Miss Lasker colored up and looked pleased. 'I'm sure you'll be a fine teacher,' Reggie told her, and signaled the headmaster with his eyes that it was time for the boys to receive their prizes. One more lot, and then I can sit down. . . .

Michael Stone stepped forward and announced the winners. Mathematics Prize, History Prize, Geography Prize—why weren't the girls given challenges like that?—Latin Prize, Best Recitation, and Best Essay on the subject of Patriotism.

The recitation, unmercifully, was 'The Charge of the Light Brigade.' Reggie tried not to listen. It called up too many memories of similar idiotic charges he had seen from the relative safety of his aeroplane—yet another suicidal dash 'over the top' straight into the machine guns.
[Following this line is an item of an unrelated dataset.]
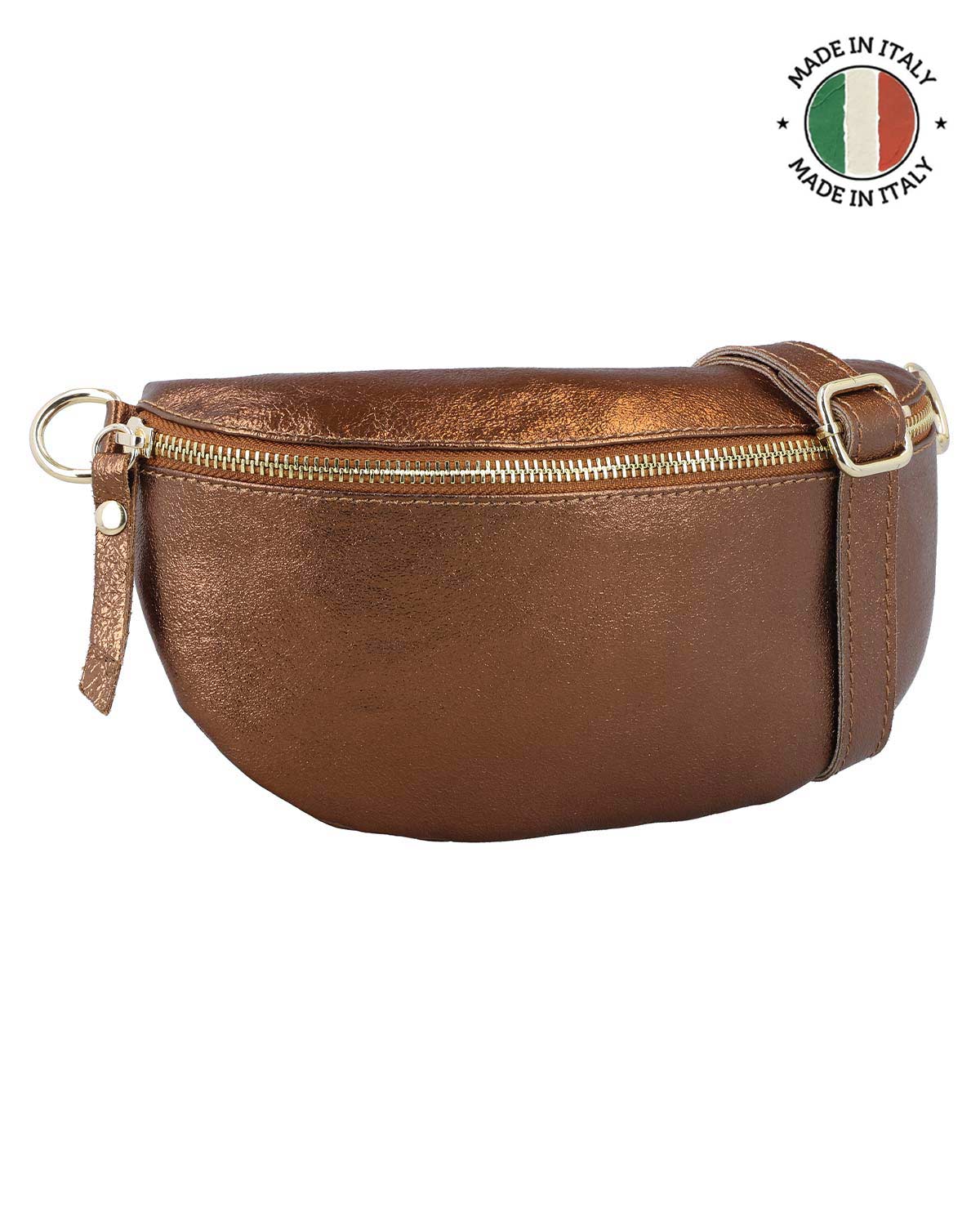Gürteltasche Bauchtasche Umhängetasche Crossbody Tasche Ledertasche Damen Braun Glänzend Leder - Made in Italy

He kept his face fixed in what—he hoped—was a vaguely pleasant expression and wondered what idiot had encouraged the boy to memorize this particular piece at this particular time.

He expected much the same out of the Grimsley boy's essay— But got a shock. It read like the poetry of Wilfrid Owens, or at least, a very, very young Wilfred Owens, one who hadn't yet seen the slaughtering grounds with his own eyes, but knew very well they were there, and knew that their leaders were idiots, and while questioning the sanity of it all, did not question that doing one's duty was the right and proper thing to do.
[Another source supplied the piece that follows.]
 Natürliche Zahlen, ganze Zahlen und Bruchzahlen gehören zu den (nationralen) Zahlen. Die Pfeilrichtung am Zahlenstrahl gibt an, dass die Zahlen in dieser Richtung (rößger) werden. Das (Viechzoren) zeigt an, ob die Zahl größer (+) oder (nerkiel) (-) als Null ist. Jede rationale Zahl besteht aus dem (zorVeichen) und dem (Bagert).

Oh, it wasn't laid out so skillfully as all that, and there was still more than a veneer of the youthful idealism that sent those first boys to their deaths in 1914, thinking it was a glorious thing to fall in battle. But still, the bones of intelligent questioning were there—and it astonished him.

So much so that the headmaster caught sight of his startled expression and leaned over to whisper, 'Jimmy is the only boy left in his family. Father, both brothers, three uncles and all his male cousins. He'd like to go to university in two years, but—' Stone shrugged. 'Whether he can get a place, I don't know.'

'You just get him ready for the entrance examinations,' Reggie said, fiercely. 'I'll see that he gets there.' He hadn't even known that he was going to say such a thing until after the words were out of his mouth, but he was glad that he had done so a moment later as he caught the look of astonishment, followed by gratitude, on Michael Stone's face.

He nodded to confirm the pledge, then returned his attention to the boy feeling a kind of proprietary determination. Too many of the bright intellectual lights of his generation had been put out already. He would, by heaven, save this one, at least.

After the prizes came the highlight of the day—what one little fellow joyfully called 'A proper tea at last!' with jam buns, currant scones, and iced biscuits, ice creams, honey and more jam for the proper sandwiches, all the sweet things that children craved. And if they could not, as they had in days gone by, eat sweet things until they were sick, well perhaps that wasn't so bad a thing. There was just enough of the rationed sugar to make sure every child got enough to feel properly rewarded—to fill them up, they had to make do with slightly more wholesome fare. The adults did have to make do with what they could purchase at the church fair stalls; this was, after all, the school treat. Every child also got one of the finest crackers obtainable, with little prizes inside like pennywhistles, so that they all went home with at least a bag of nuts from the button hunt and a cracker prize in their pockets, along with the memory of a day stuffed full of fun without the shadow of war on it. After tea, the wagons arrived to carry them back down to the village again; the adults lingered until the church fair officially closed.